There is an interesting tie-in with another bug fixed in the same Patch Tuesday fixes. Microsoft Exchange was vulnerable to an NTLM relay attack, and it was actively exploited before the patch. The flaw here is that a captured Net-NTLMv2 hash can be used in a pass-the-hash attack to authenticate with an Exchange server. And one way to obtain such a hash is to trick the target into making an SMB connection, just what MonikerLink enables.

Oh Snap!

Canonical has been pushing their Snap containerized apps in Ubuntu for several years now. A Snap is something of a cross between a Docker image and a flatpak. A Snap is an application that is bundled with its dependent libraries, to have much less dependencies on the end target’s system libraries. A snap can be a graphical application like Firefox or LibreOffice, but they can also be used for daemons and services, much like Docker. Snaps offer some impressive sandboxing support via AppArmor when used on Ubuntu systems. And while some applications suffer from a minor slowdown, particularly on first launching, the system seems to work well. But there’s a caveat to be aware of.
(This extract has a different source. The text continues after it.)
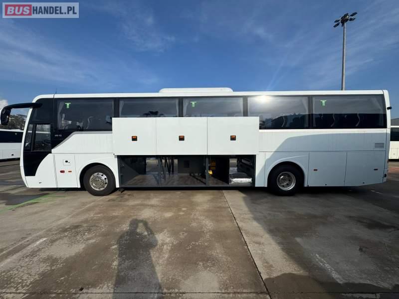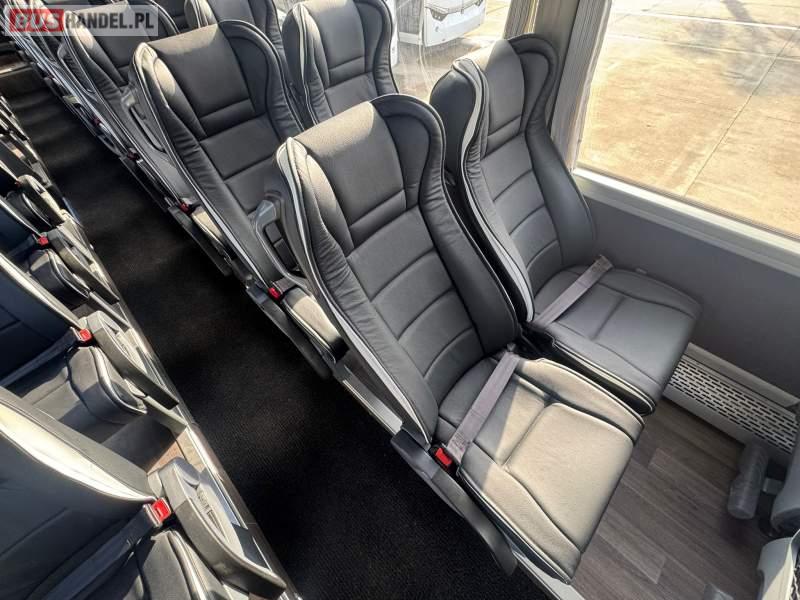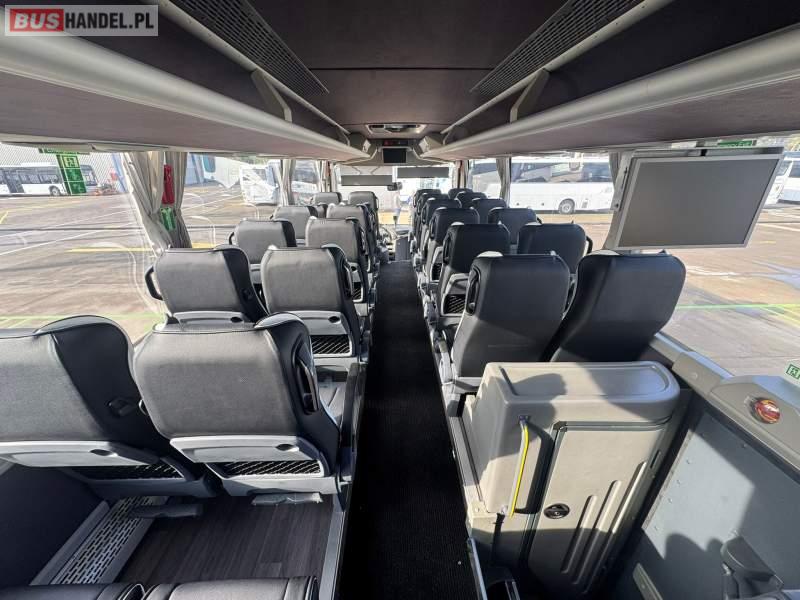 : video, WC, lodówka, kabina sypialna, oświetlenie indywidualne, nawiewy dyszowe, siateczki, ABS, ASR, tempomat, retarder, telefon, CD, podnóżki, stoliczki, mikrofon, klimatyzacja, radio, kuchenka mikrofalowa, regulacja wysokości nadwozia, centralny zamek, podwójne szyby boczne, wspomaganie kierownicy, elektryczne lusterka, aluminiowe felgi, fotele odchylane i rozsuwane, DVD, ogrzewanie stacjonarne, ESP

Ubuntu also has the useful command-not-found package that runs anytime an invalid command is run on the command line. This utility searches the system’s sources of packages for an executable that matches. What’s interesting is that command-not-found will also go looking for snaps that provide a matching application. And if a Snap runs in strict mode, and checks a couple other boxes, it doesn’t require a manual review. Combining that quirk with the ability of a snap to take any unclaimed application name, it’s pretty easy to get an arbitrary snap as the top suggestion for a command-not-found suggestion.

And while the sandboxing of snaps does help mitigate this significantly, it is interesting that we essentially have a typosquatting potential right on the desktop. There are some shenanigans a snap can pull off, especially when running on an X11 system. For instance, on X11, all desktop applications can see all the keyboard input. Stealth keylogger?

So, You Want to Smuggle Some JSON

We usually talk about HTTP request smuggling, but that’s not the only place data can get smuggled. [Grimminck] introduces JSON Smuggling, calling it “a far-fetched intrusion detection evasion technique”. The central concept here is that the JSON spec states that “Insignificant whitespace is allowed before or after any of the six structural characters.” That’s a space, tab, line feed, and carriage return. That’s an alphabet of four different characters to encode data, where no one would think to look. I don’t know that this exact technique is going to revolutionize the world of cybersecurity, but it’s the sort of out-of-the-box thinking that’s always interesting to take a look at.

Bits and Bytes

The explosion in popularity in Large Language Models (LLMs) has brought some clever not-quite-breaches, like convincing the LLM that it’s Dan, or a Linux command line. These pseudo jailbreaks are amusing and maybe useful, but it’s worth keeping in mind that LLMs are new web services, and it’s likely there are the same old security problems to be found. Like this one, where way too much data was getting cached. That cache lives behind a CDN, and there was a URL parsing confusion issue at play. Put simply, trick a ChatGPT user into visiting a malicious link, and their authentication token gets cached by the CDN, easily accessed by the attacker.

There have been serious vulnerabilities fixed in Jetbrains TeamCity, in the SonicSall SonicOS, and Fortiguard’s FortiOS and FortiProxy products. The FortiGuard issue is a remote unauthenticated code execution, while the other two are unauthenticated access and account takeover problems. All three are hair-on-fire issues, and need to get addressed right away. Not content with being the most severe, FortiGuard also reports that this is being exploited in the wild.

And finally, let’s talk about a different sort of bounty. The US Department of State has put a bounty of ten million dollars on the head of Hive ransomware leaders, and a mere five million dollars for information on anyone else involved in the group’s activities. Ransomware pays, but not that well.